Context: Need to select a log aggregation platform for centralized logging across central server and edge collectors.

Options:

Option Pros Cons Cost
Grafana Loki Lightweight, pairs with Prometheus, low resource usage Less powerful querying than ELK Free (self-hosted)
ELK Stack Powerful search, widely used, mature Resource-heavy, complex setup Free (self-hosted)
Datadog SaaS, APM integration, minimal ops Expensive at scale, data leaves premises $$-$$$
AWS CloudWatch Native if on AWS, managed AWS lock-in, cost at scale $-$$

Recommendation: Grafana Loki - pairs well with existing Prometheus consideration, lightweight for edge deployment.
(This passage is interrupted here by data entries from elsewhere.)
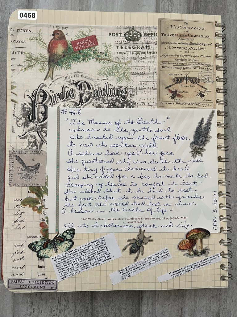 When she ventured outside her Amherst home, Emily explored as an avid naturalist, and spent much time surveying, cataloguing and appreciating the wide variety of life forms. As a mother of two young children, I sought to get them outside as much as possible and to let them learn from and experience all the wonders of the natural world. On one particular trek through the woods in back of our North Carolina mountain home, my 4 year old daughter came upon a tiny fallen bird, unmoving and sadly dead. This poem is about how she reacted.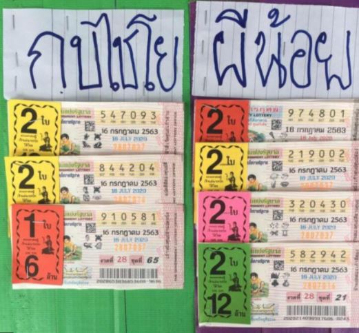 เชื่ อว่าหลังจากนี้ สลากฯที่มีรูปผีน้อย และกบไชโย คงจะหาซื้อยาก และมีราคาสูงมากขึ้นอย่างแน่นอน ใครลองแล้วประสบความสำเร็จก็ต้องมาบอกต่อกันหน่อยแล้วล่ะค่ะ
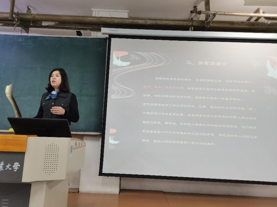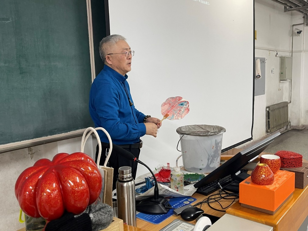 上午的课程聚焦鱼皮画技艺,“中国马克思主义与当代”授课教师刘伟杰首先讲解了授课目的和要求,并向在场师生详细介绍了石老师在非遗传承领域的丰硕成就与深厚造诣。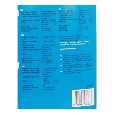 Dit product is een voedermiddel voor paarden. PharmaHorse maakt gebruik van ingrediënten van Human Grade Kwaliteit, waardoor een hoge kwaliteit is gewaarborgd. Desondanks is dit product door de etikettering, de grootte van het maatschepje en de geadviseerde dosering uitsluitend bedoeld voor gebruik bij pony’s en paarden.
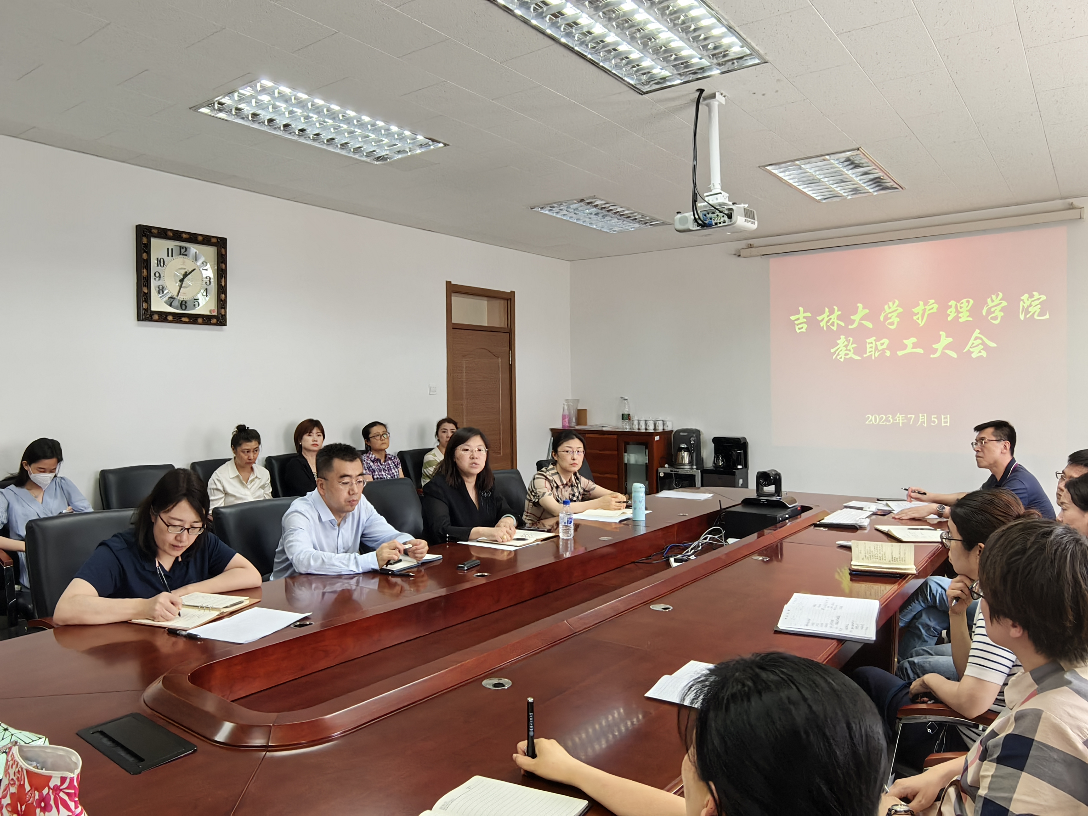 7月5日下午,beats365亚洲版官网在三楼会议室召开2023年第六次全院教职工大会,全体教职工参加会议。会议由副经理李峰主持。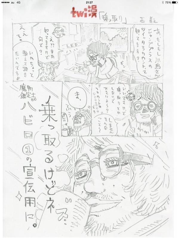 少年ジャンプNEXT!!(集英社)にて連載中の自作、「魔物鑑定士バビロ」1巻発売の宣伝と称して行われる「twi漫」。本日の投稿分では、西が担当編集者からTwitterのアカウント情報を聞き出し、乗っ取りを企てる様子がコミカルに描かれている。このほか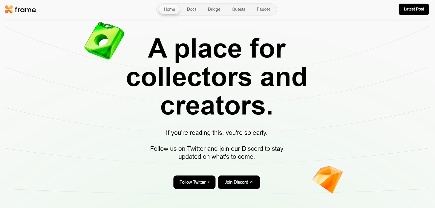 Since Frame is still in the preliminary stages of development, and there are no public testnets to try yet, the only thing for us NFT adventurers to do for now is keep track of the project as it evolves from here.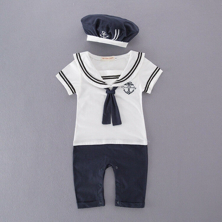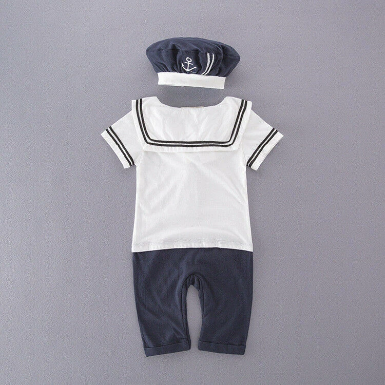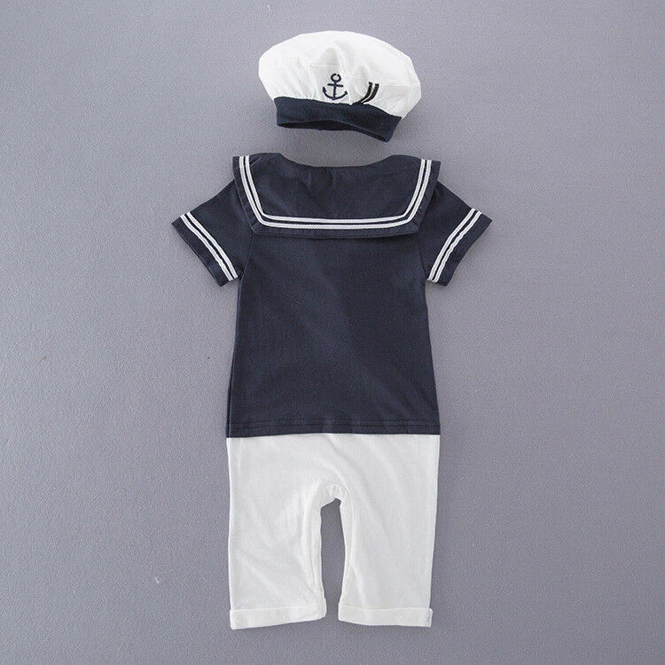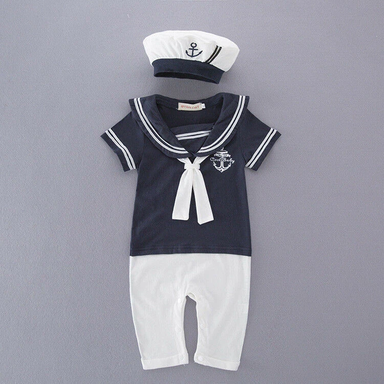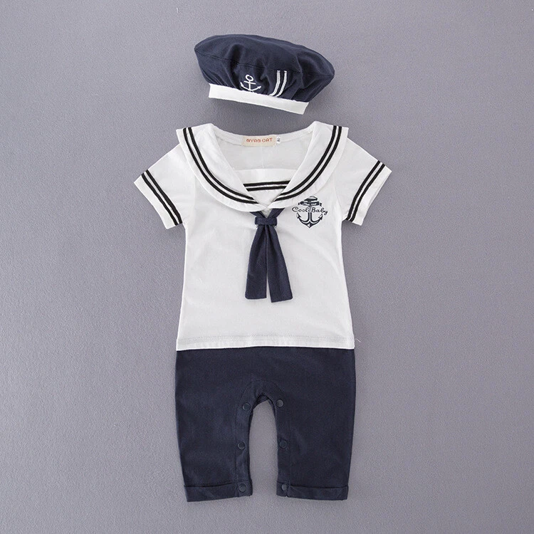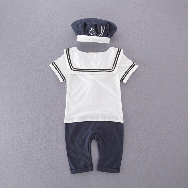 Baby Boys Girls Sailor Costume Suit Outfit Dress Romper Clothes + HAT Set 3-18M Package includes:1 Romper+Hat 100% brand new & Top quality Materiel: Cotton color: as picture show Features: soft cotton Material! High quality.very cool.It is suitable for baby boy to wear in summer. Please check the size measurement chart carefully before making payment. If your measurement is floating between two sizes, advise choosing the larger size. If your kid is chubby, we recommend choosing a larger size, thanks. Size Chart:1inch=2.54cm Size Chart(CM/INCH)---1inch=2.54cm Tag No. Chest Shoulder to Crotch Length Suggest For Age 80 26x2cm 39cm 56cm 0-6 Months 90 29x2cm 40cm 57.5cm 6-12 Months 95 30x2cm 41cm 59cm 12-18 Months SIZE ERROR: 1-2CM error as size was measured by hand. Hint for choosing proper size: Use similar things to compare with the size. Please check the size measurement chart carefully before making payment. (Measurements shown in the size chart refer to item measurements, not body.) Note:please allow 1-2cm difference due to manual measurement. The size is just recommended for you, please kindly check the measurement! it is important to measure your child in order to select the appropriate size,thanks!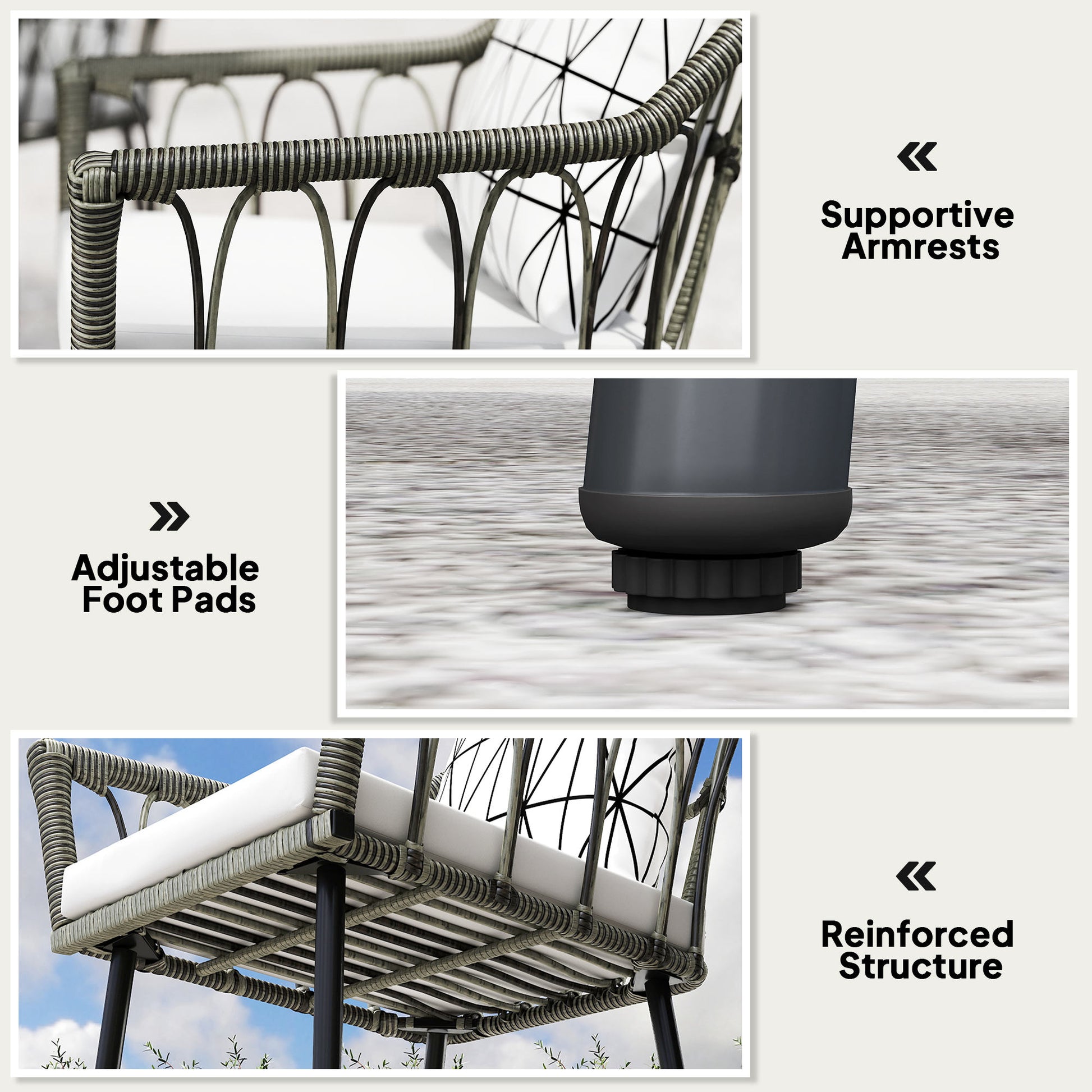 Transform your garden into a haven of relaxation with the Outsunny outdoor table and chairs. This 5-piece patio table and chairs feature a classic rattan design, complete with a soft cushion and throw pillow for enhanced comfort. The table boasts a tempered glass top with a stone effect, offering both beauty and durability. Suitable for any outdoor dining area, this set promises style and comfort in your outdoor living space.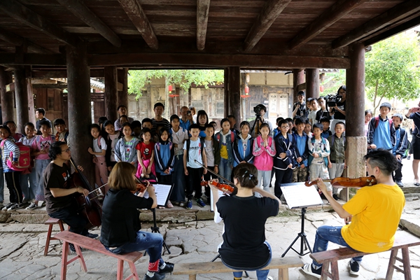 艺术是抽象的,但艺术带来的潜移默化的改变是实实在在的:在昭化古城,当艺术家们的音乐奏响,现场的老百姓自发地保持着演出现场的安静。在文星村,村民们拍着手打着节拍,跟随艺术家们的情绪一起投入,在乡间田野追求艺术带给他们最原始的快乐。在柏林古镇,小提琴的旋律播撒下音乐的种子在柏林沟小学的同学们心中萌化。这一切都源于艺术之力给乡村带来的改变,让人们对美好的生活充满向往,对未来充满期待,对脱贫攻坚取得最后的胜利充满信心。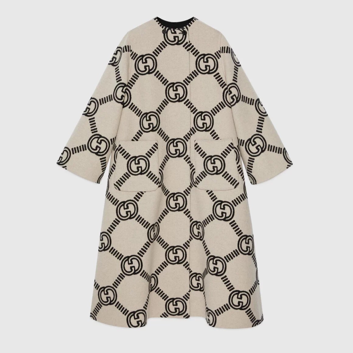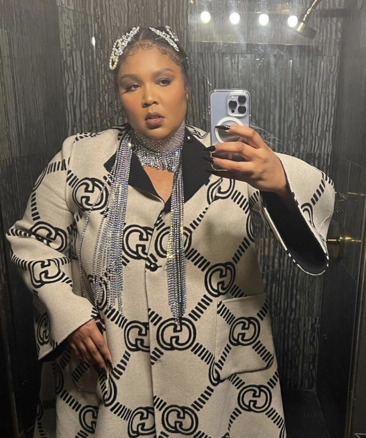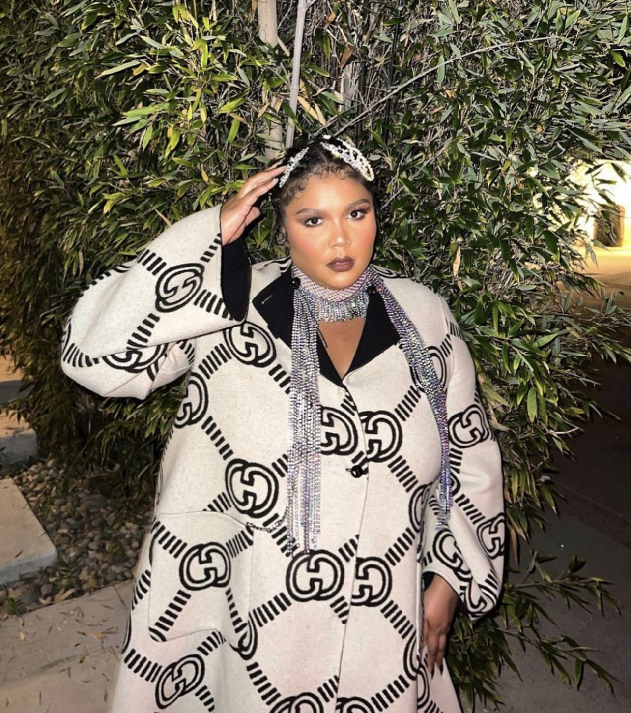Lizzo wore Gucci’s $5,200 Reversible maxi interlocking G coat paired with $2,750 “Diana” mini tote bag, and $850 monogram canvas slingback pumps. She also rocked crystal and pearl-embellished hair accessories along with a crystal fringe choker that extended to her chest. Her ensemble was styled by Jason Rembert.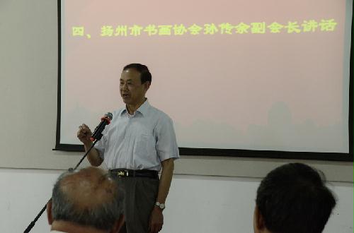 扬州市书画协会副会长孙传余对此次活动作出高度评价,他代表扬州市书画协会对共建活动取得的成果表示祝贺。他表示扬大关工委的共建活动从形式上和内容上都值得借鉴,同时他介绍了扬州市书画协会进校园活动的经验和做法,他希望扬州市书画协会、扬大关工委及美术学院要经常交流共建经验,共同促进双方的进步。他最后预祝活动圆满成功!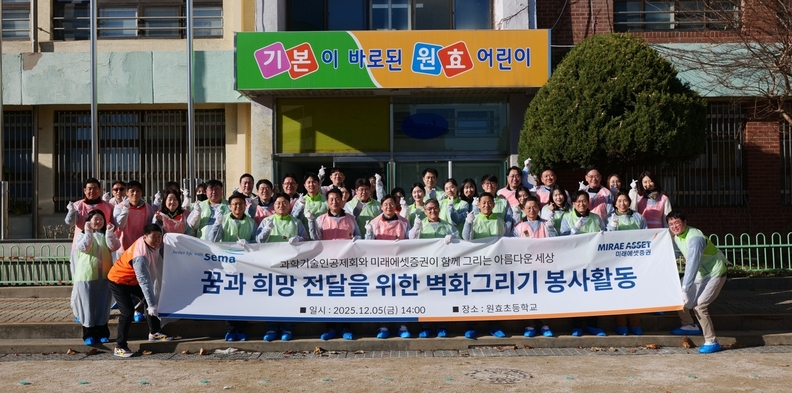 [서울타임즈뉴스 = 최남주 기자] 미래에셋증권과 과학기술인공제회는 지난 5일 서울 용산구 원효초등학교에서 합동 벽화 그리기 봉사활동을 진행했다고 8일 밝혔다. 이번 봉사활동은 노후된 학교 시설을 정비하고 학생들에게 밝고 안전한 교육환경을 마련하기 위해 추진됐다.
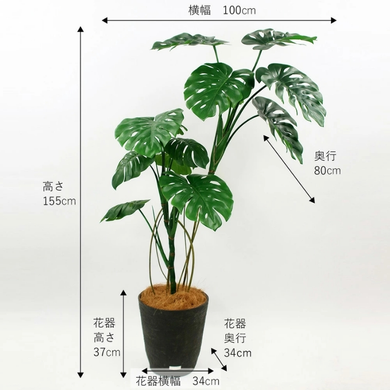 大きな葉が特徴で生命力あふれるモンステラは躍動感もありエントランスやリビングのシンボルツリーに最適。

Next Steps: 1. Evaluate Loki resource requirements on Pi 2. Prototype Loki + Grafana setup 3. Test log ingestion from edge collector

Decision Owner: TBD Target Date: Before Phase 8


OD-002: Backup Target Host

Field Value
Status 🟡 Pending
Priority High
Blocking Phase 7 (Backup implementation)
Source backup-disaster-recovery.md
Created 2025-12-29

Context: Need to determine where backups will be stored. This affects hardware procurement and security posture.

Options:

Option Pros Cons Cost
Dedicated backup server Full control, fast restore Hardware cost, maintenance $500-2000
NAS device (Synology/QNAP) Easy setup, RAID built-in Limited performance $500-1500
Cloud storage No hardware, off-site PII concerns, egress costs $50-200/month
Off-site co-location Disaster recovery, off-site Complexity, ongoing cost $100-500/month

Recommendation: NAS device initially (simple, cost-effective), with cloud backup for critical data pending security approval (OD-003).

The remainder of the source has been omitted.